* **EXTRACTED MATERIAL**
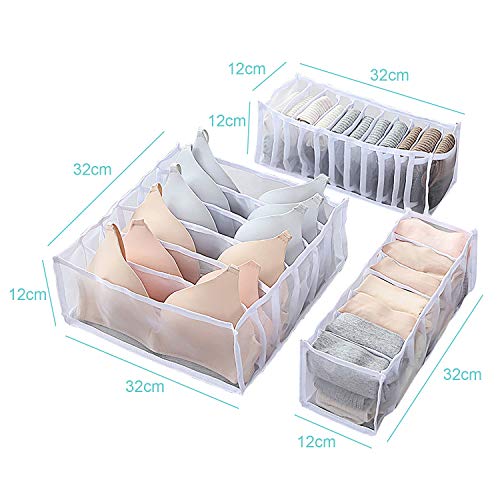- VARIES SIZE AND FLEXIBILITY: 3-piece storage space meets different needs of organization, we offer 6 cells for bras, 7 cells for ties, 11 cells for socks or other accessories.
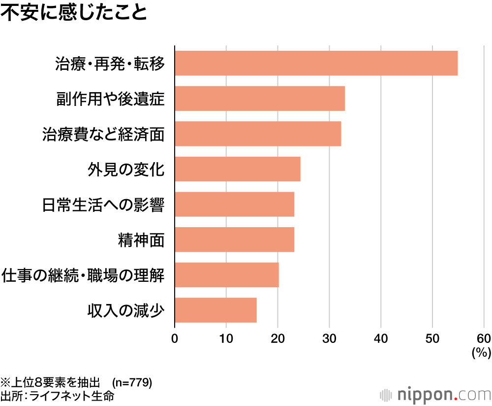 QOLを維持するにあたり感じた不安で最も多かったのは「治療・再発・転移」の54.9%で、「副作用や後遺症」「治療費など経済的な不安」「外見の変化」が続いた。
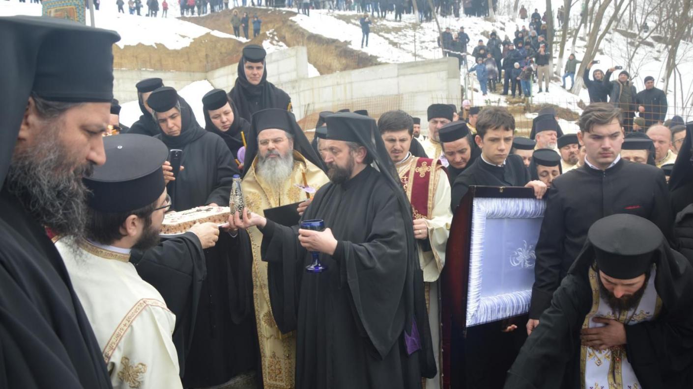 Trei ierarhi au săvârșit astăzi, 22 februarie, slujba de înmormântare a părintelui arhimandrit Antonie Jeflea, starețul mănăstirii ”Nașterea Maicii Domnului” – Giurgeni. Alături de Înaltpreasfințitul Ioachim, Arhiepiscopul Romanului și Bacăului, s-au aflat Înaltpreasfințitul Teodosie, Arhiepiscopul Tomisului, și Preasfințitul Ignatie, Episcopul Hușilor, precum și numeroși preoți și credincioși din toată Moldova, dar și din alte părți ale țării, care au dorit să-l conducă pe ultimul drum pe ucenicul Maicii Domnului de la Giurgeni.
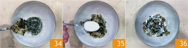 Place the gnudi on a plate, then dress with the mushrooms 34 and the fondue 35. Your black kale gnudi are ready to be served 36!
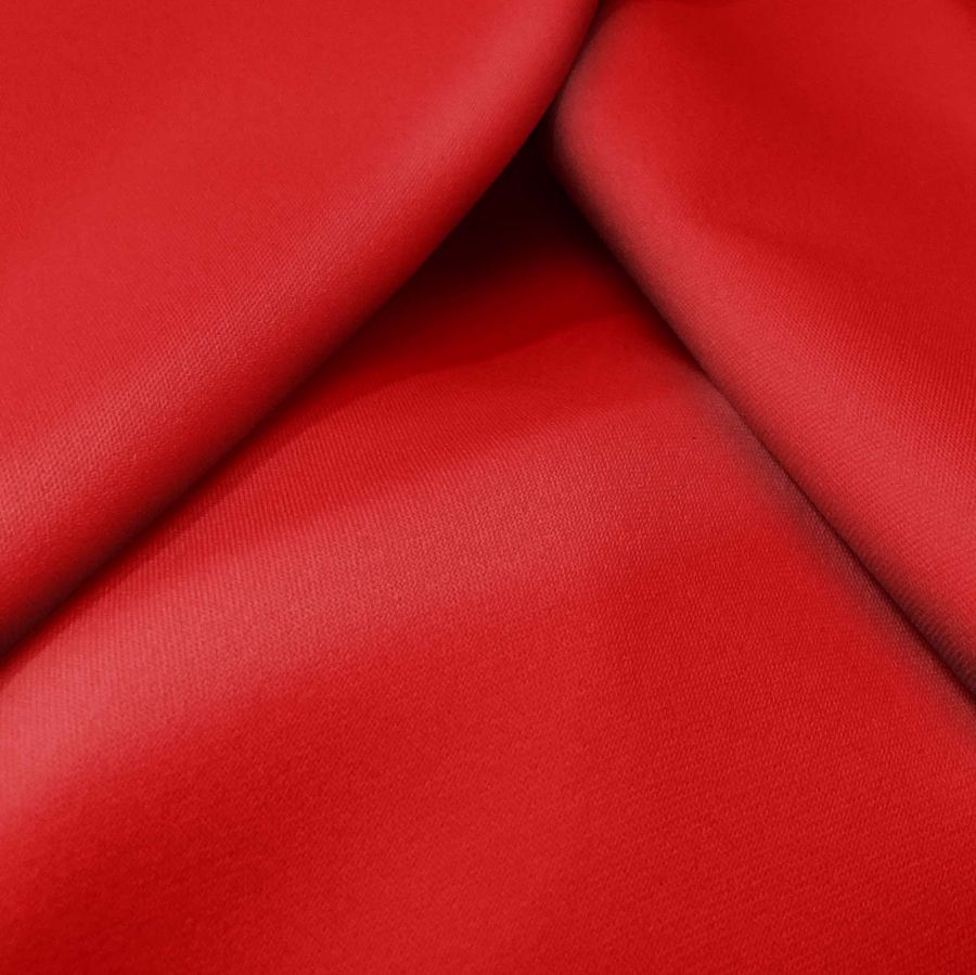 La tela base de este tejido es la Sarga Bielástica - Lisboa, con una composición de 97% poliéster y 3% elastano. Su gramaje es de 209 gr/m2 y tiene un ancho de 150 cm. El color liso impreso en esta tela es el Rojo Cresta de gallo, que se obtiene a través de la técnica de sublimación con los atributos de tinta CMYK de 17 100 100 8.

* **PROMPT**
Repeat every entry exactly, but leave out the pictures.

* **REPLY**
- VARIES SIZE AND FLEXIBILITY: 3-piece storage space meets different needs of organization, we offer 6 cells for bras, 7 cells for ties, 11 cells for socks or other accessories.
 QOLを維持するにあたり感じた不安で最も多かったのは「治療・再発・転移」の54.9%で、「副作用や後遺症」「治療費など経済的な不安」「外見の変化」が続いた。
 Trei ierarhi au săvârșit astăzi, 22 februarie, slujba de înmormântare a părintelui arhimandrit Antonie Jeflea, starețul mănăstirii ”Nașterea Maicii Domnului” – Giurgeni. Alături de Înaltpreasfințitul Ioachim, Arhiepiscopul Romanului și Bacăului, s-au aflat Înaltpreasfințitul Teodosie, Arhiepiscopul Tomisului, și Preasfințitul Ignatie, Episcopul Hușilor, precum și numeroși preoți și credincioși din toată Moldova, dar și din alte părți ale țării, care au dorit să-l conducă pe ultimul drum pe ucenicul Maicii Domnului de la Giurgeni.
 Place the gnudi on a plate, then dress with the mushrooms 34 and the fondue 35. Your black kale gnudi are ready to be served 36!
 La tela base de este tejido es la Sarga Bielástica - Lisboa, con una composición de 97% poliéster y 3% elastano. Su gramaje es de 209 gr/m2 y tiene un ancho de 150 cm. El color liso impreso en esta tela es el Rojo Cresta de gallo, que se obtiene a través de la técnica de sublimación con los atributos de tinta CMYK de 17 100 100 8.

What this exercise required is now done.